Rencana keperawatan pada risiko perilaku kekerasan adalah suatu bentuk susunan
perencanaan tindakan keperawatan untuk mengatasi dengan risiko perilaku
kekerasan. Tindakan keperawatan diantaranya adalah strategi pelaksanaan tindakan
keperawatan, Tindakan tindakan ini dapat ditujukan pada tindakan keperawatan untuk
individu dan keluarga (Sutejo, 2017). Adapun rencana tindakan strategi pelaksanaan
individu dan keluarga risiko perilaku kekerasan adalah sebagai berikut:
a) Tujuan umum: pasien dapat mengontrol perilaku kekerasan.
1. Strategi pelaksana tindakan keperawatan untuk individu pada risiko
perilaku kekerasan:
Tujuan khusus: Pasien mampu mengenal perilaku kekerasan yang dialami dan
mengontrol dengan cara fisik.
1. Bina hubungan saling percaya
2. Identifikasi penyebab, tanda dan gejala, perilaku kekerasan yang
dilakukan, dan akibat perilaku kekerasan.
3. Jelaskan cara mengontrol perilaku kekerasan dengan cara tarik nafas
dalam dan pukul bantal.
4. Masukkan pada jadwal kegiatan untuk latihan fisik.
b) Tujuan khusus: pasien mampu menggunakan obat sesuai program yang telah
ditetapkan untuk mengontrol perilaku kekerasan
1. Evaluasi kegiatan latihan fisik. Beri pujian
2. Latih cara mengontrol perilaku kekerasan dengan obat (jelaskan 6 benar :
jenis, guna, dosis, frekuensi, cara, kontinuitas minum obat).

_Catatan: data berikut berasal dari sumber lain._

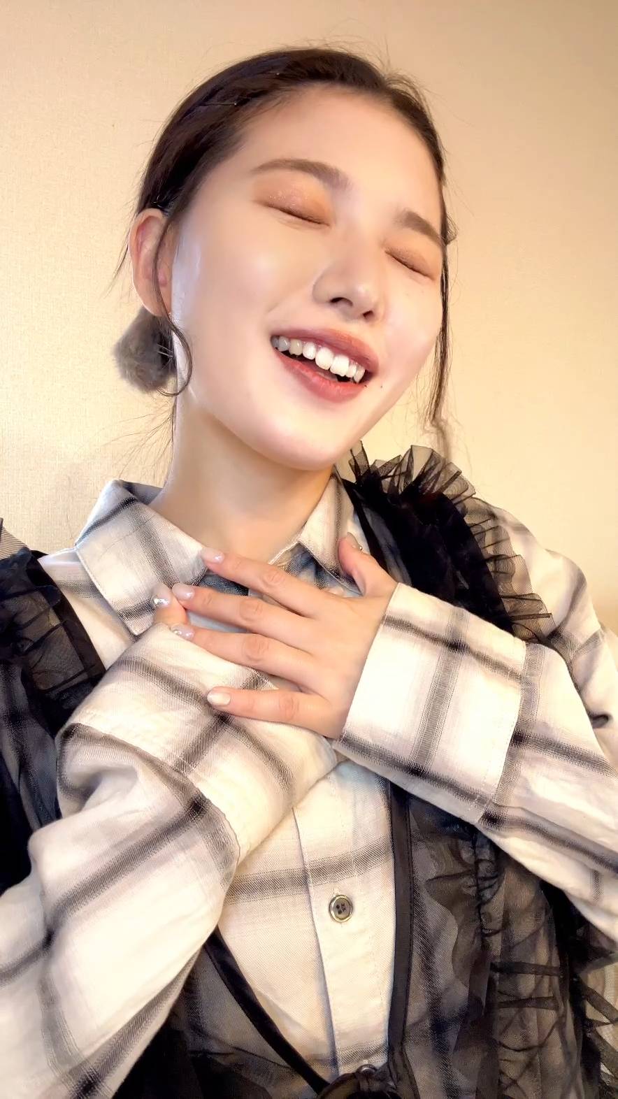 手を胸に当てて安心した表情|日常|安心|感動

3. Masukkan pada jadwal kegiatan untuk latihan fisik dan minum obat.
c) Tujuan khusus : pasien mampu mengontrol dengan cara verbal/sosial.
1. Evaluasi kegiatan latihan fisik dan minum obat. Beri pujian. \
2. Latih cara mengontrol perilaku kekerasan secara verbal (3 cara, yaitu :
mengungkapkan, meminta, dan menolak dengan benar).

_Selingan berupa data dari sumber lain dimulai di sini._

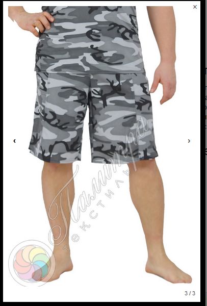 Отличные шорты из камуфлированной ткани с накладными карманами. Для производства изделия используется трикотажное полотно плотностью 150 г/м2 составом 100% хлопок.

3. Masukkan pada jadwal kegiatan untuk latihan fisik, minum obat, dan
verbal.
d) Tujuan khusus : pasien mampu mengontrol dengan cara spiritual .
1. Evaluasi kegiatan latihan fisik, minum obat, dan verbal. Beri pujian.
2. Latih cara mengontrol perilaku kekerasan dengan cara spiritual.
3. Masukkan pada jadwal kegiatan untuk latihan fisik, minum obat, verbal,
dan spiritual.

IV. Daftar Pustaka

Direja, A. H. (2011). Buku Ajar Asuhan Keperawatan Jiwa. Yogyakarta: Nuha


Medika.
Keliat, B. A., Akemat, Helena, N., & Nurhaeni, H. (2012). Keperawatan Kesehatan
Jiwa Komunitas: CMHN (Basic Course). Jakarta: EGC.
Muhith, Abdul . 2015. Pendidikan Keperawatan Jiwa Teori dan Aplikasi, edisi 1. CV
Andi Offset : Yogyakarta.
Yusuf, Ah, Fitryasari, Rizki, P.K, & Nihayati, Hanik Endang 2015, Buku Ajar
Keperawatan Jiwa. Salemba Medika, Jakarta.